The bidding continues between the Gafam. Objective: build the machine learning model with the largest number of parameters. Google now displays 540 billion.
By 2020, the GPT-3 model had once again proven the nearly limitless capabilities of giant neural networks. With its 175 billion parameters, this Transformer type deep learning model signed OpenAI has been trained on hundreds of billions of words. Its use cases are numerous, from the automatic generation of text to translation and the generation of computer codes. The challenge ? Generate impressive results, both in terms of volumes and precision. Faced with GPT-3, Google unveiled Pathways Language Model (PaLM) a few weeks ago. A Transformer that goes up to 540 billion parameters and whose performance surpasses its latest generation equivalents.
Like GPT-3, PaLM uses the few-shot learning technique. How it works ? In the case of image recognition, this type of learning will only have a few photos of the subject to be identified (a face for example) to then re-identify it. Instead of training to classify from large series of examples, few-shot learning thus uses a few reference patterns from which it calculates a similarity score. Several mega neural networks have since been inspired by GPT-3 and this method with a view to further improving the performance obtained. This is the case of GLaM, LaMDA and Gopher, all three also created by Google, or Megatron-Turing NLG which was developed by Microsoft and Nvidia.

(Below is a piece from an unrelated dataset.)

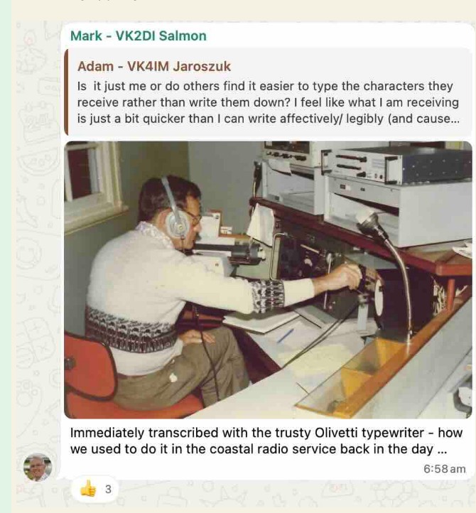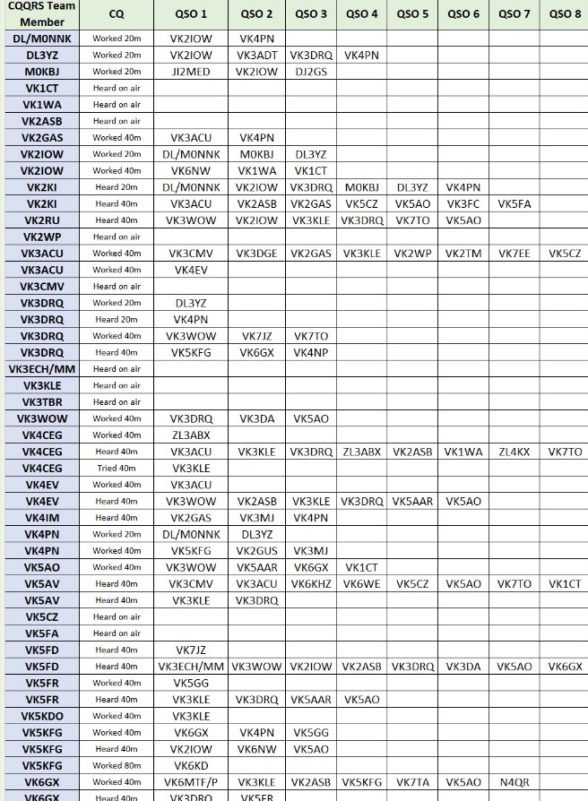 And a special thank you to our editorial team, Nigel G4RWI (head of software development), Patrick VK2IOW (reports coordinator), John VK2RU (spreadsheet wrangler), Richard VK6HRC (Post Morsition) and Lance VK7TO (resident softie). Great work all!

150 language modeling tasks
Google passed PaLM through its BIG-bench benchmark (for Beyond the Imitation Game Benchmark). An open source framework that sifts through 150 language modeling tasks. “Result: PaLM mostly outperforms Gopher and Chinchilla on a set of 58 common tasks”, note Sharan Narang and Aakanksha Chowdhery at Google Research (see graphs below).
Among the actions put forward by Google, PaLM is particularly successful in terms of automatic management of application code, and in particular code generation from requests formulated in natural language. “In this area, its performance in few-shot learning is comparable to that of Codex (a variation of GPT-3 centered on the same types of tasks, editor’s note) while its training dataset contains 50 times less Python language content,” point out Sharan Narang and Aakanksha Chowdhery. learning from other languages […] is better.”
“PaLM demonstrates impressive capabilities in natural language understanding and generation”
The two Google software engineers add: “PaLM also demonstrates impressive natural language understanding and generation capabilities. In particular, it can provide explanations for scenarios that require a complex combination of multi-step logical inference, knowledge of the world and language. For example, he is able to explain new jokes.” (see gif below)
PaLM was trained on the Tensor Processing Unit (TPU) infrastructure, the largest ever used by Google in terms of machine learning. Composed of 6,144 chips, it is backed by the latest generation of American cloud TPU pods, with key data parallelization processes implemented within each pod. The learning was carried out on a series of multilingual datasets combining documents and books available online, conversations, Wikipedia content and source code available on GitHub. The race continues to see who will achieve the largest NLP model with ever wider and more precise task coverage.